- **Exercise aim**: Exactly as written, print the lines from the top of the listing through the line containing "Einige Meter oberhalb"; include no pictures.

- **Data provided**:
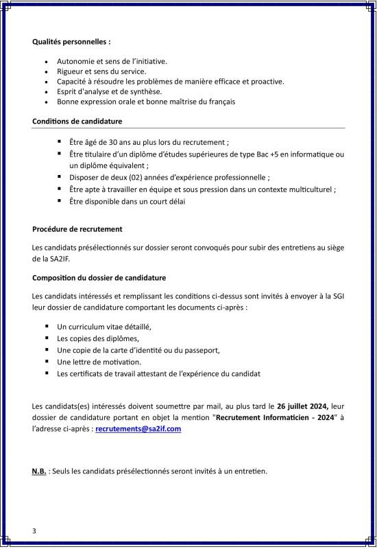 Dans le cadre du renforcement de son effectif, la SA2IF souhaite recruter un informaticien titulaire d’un Master en informatique, d’un diplôme d’ingénieur de conception ou de tout autre diplôme bac + 5 jugé équivalent.
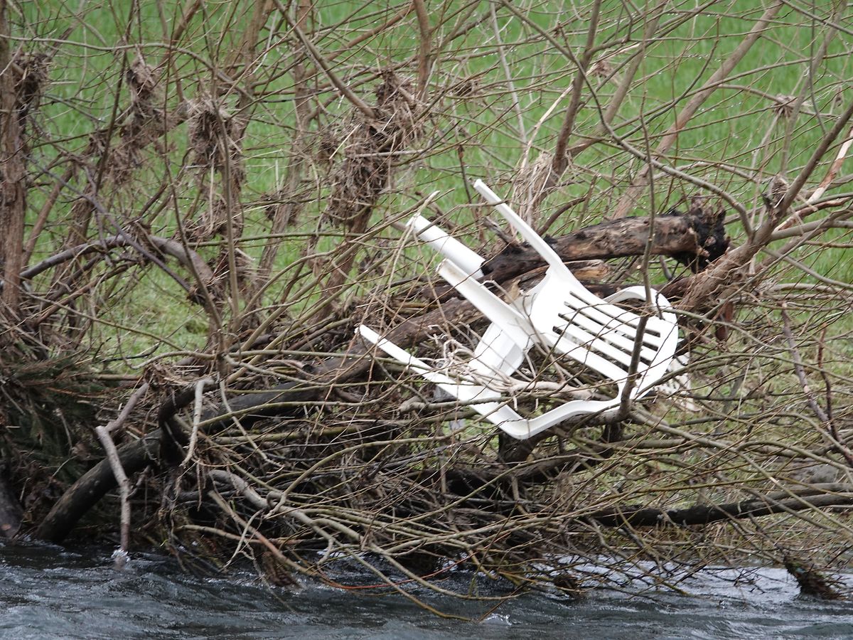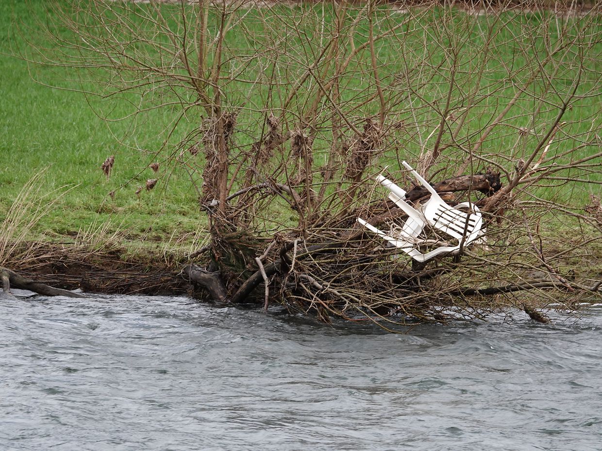 Einige Meter oberhalb der Sauerbrücke, welche zum Bahnübergang führt in Richtung Bürden, hat sich gelegentlich des neulichen Hochwassers ein weißer Campingsessel in den Ästen eines Strauches verfangen und hängt jetzt dort fest Wäre er nicht besser positioniert, so könnte er als wackelige Sitzgelegenheit benutzt werden, vorsichtshalber für gute Schwimmer.
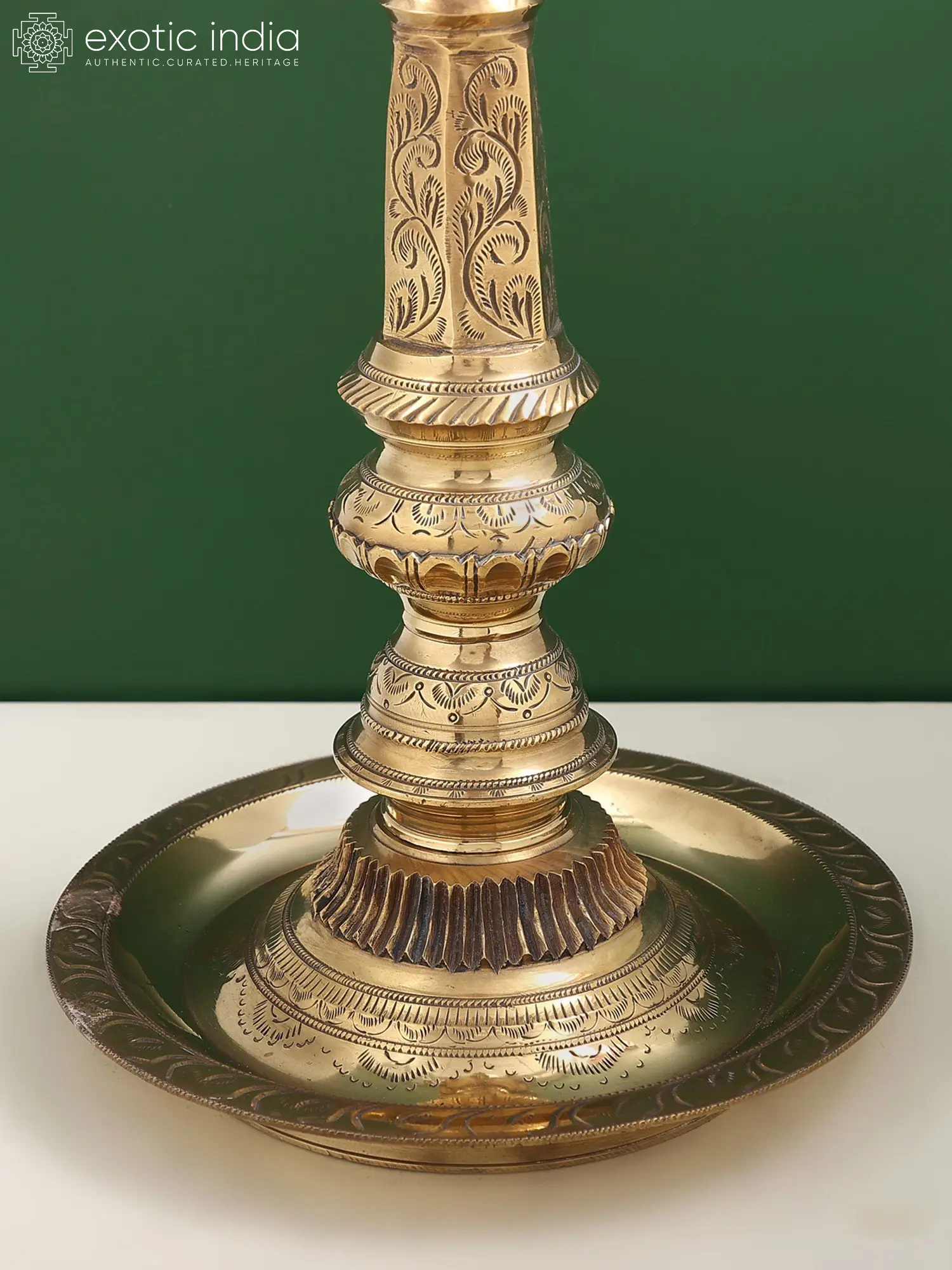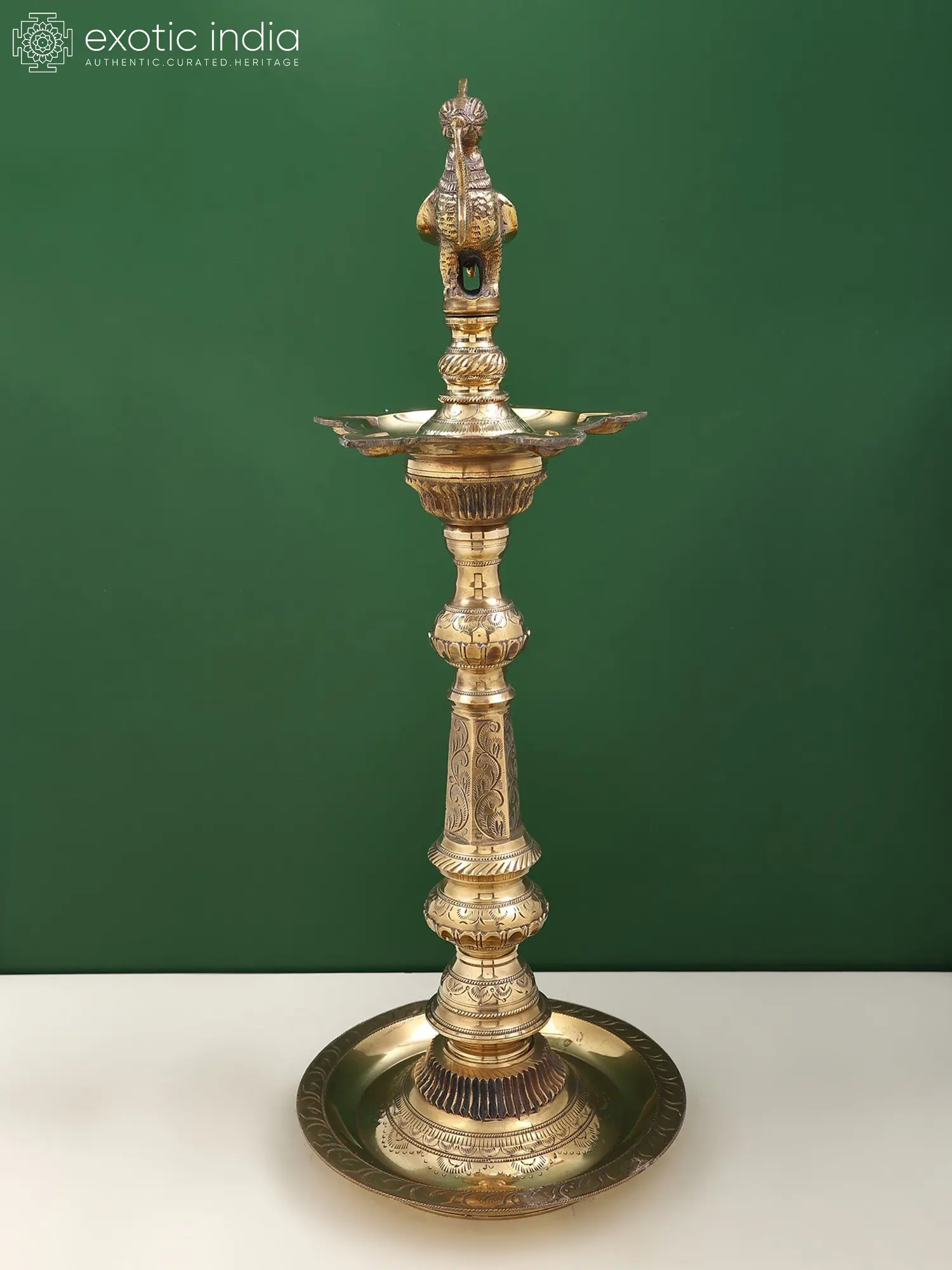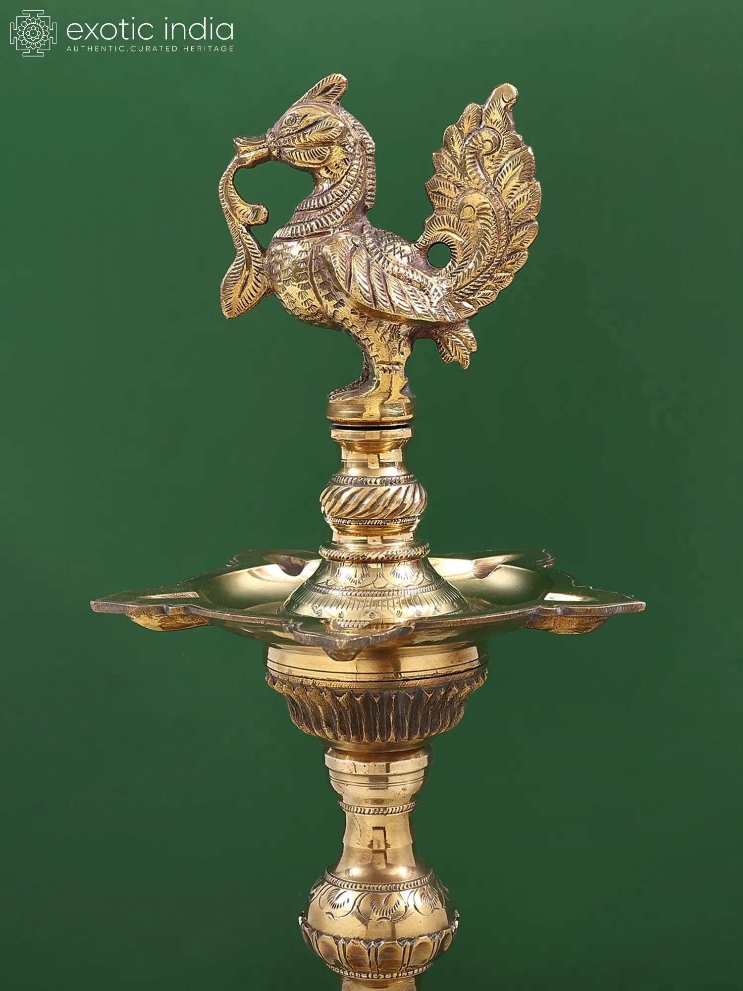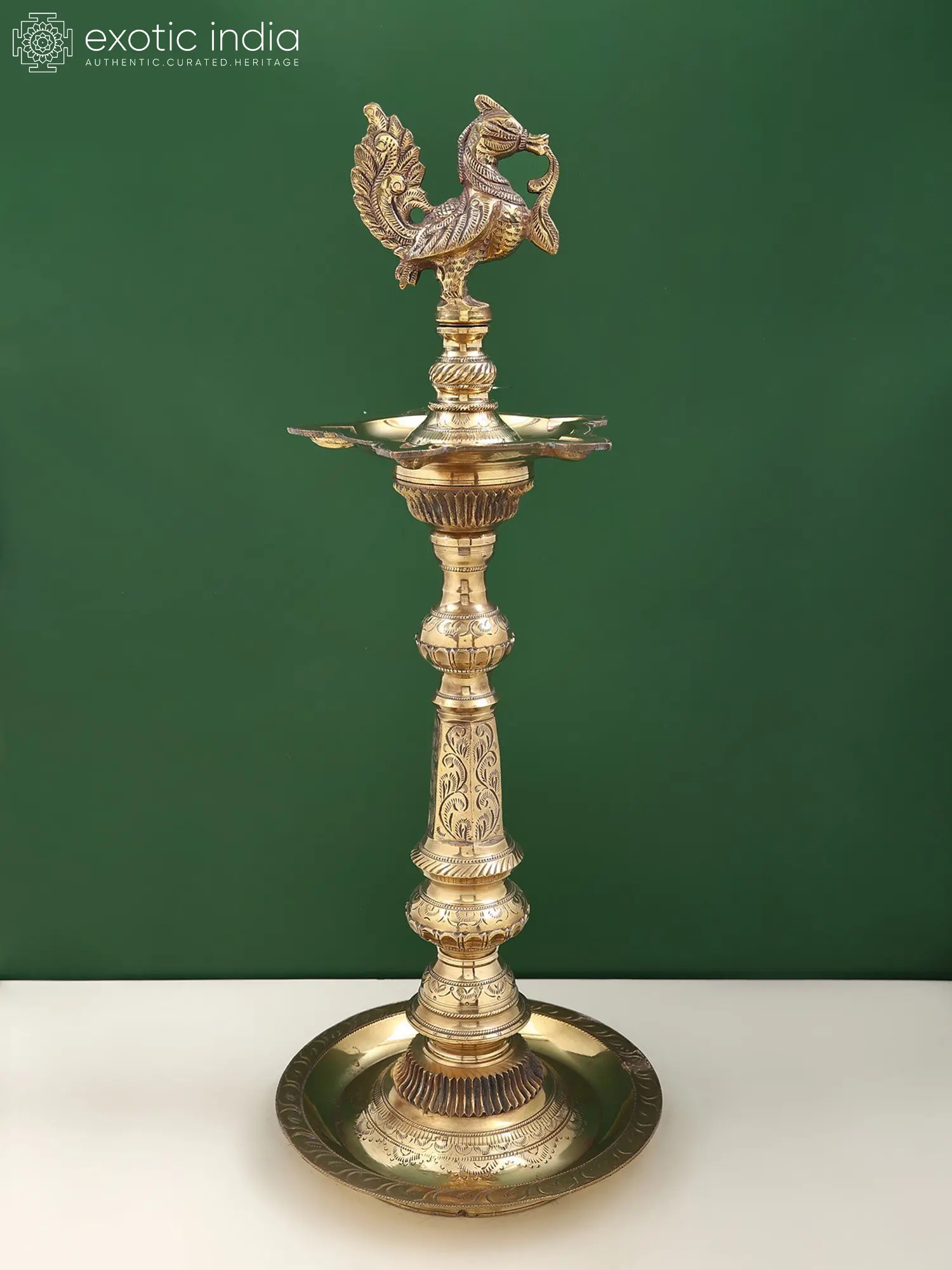 Nachiarkoil Kuthuvilakku is a brass lamp that is handcrafted specifically in Nachiarkoil, Tamil Nadu, India. The lamp, which is hollow cast, comes in a variety of sizes and is made up of four screwed-together sections. The lights are topped with a sacred image of Annam or a mythological peacock. The lamp's components are carved in beautiful patterns. These lights are available with five to seven wicks. They are considered auspicious and are used for temple adornment. Often, rows of these lamps are lighted to bring the almighty's blessings. Because of their religious importance, these lights are often used at Kerala's Poorams (festivals).

- **Expected answer**:
 Dans le cadre du renforcement de son effectif, la SA2IF souhaite recruter un informaticien titulaire d’un Master en informatique, d’un diplôme d’ingénieur de conception ou de tout autre diplôme bac + 5 jugé équivalent.
 Einige Meter oberhalb der Sauerbrücke, welche zum Bahnübergang führt in Richtung Bürden, hat sich gelegentlich des neulichen Hochwassers ein weißer Campingsessel in den Ästen eines Strauches verfangen und hängt jetzt dort fest Wäre er nicht besser positioniert, so könnte er als wackelige Sitzgelegenheit benutzt werden, vorsichtshalber für gute Schwimmer.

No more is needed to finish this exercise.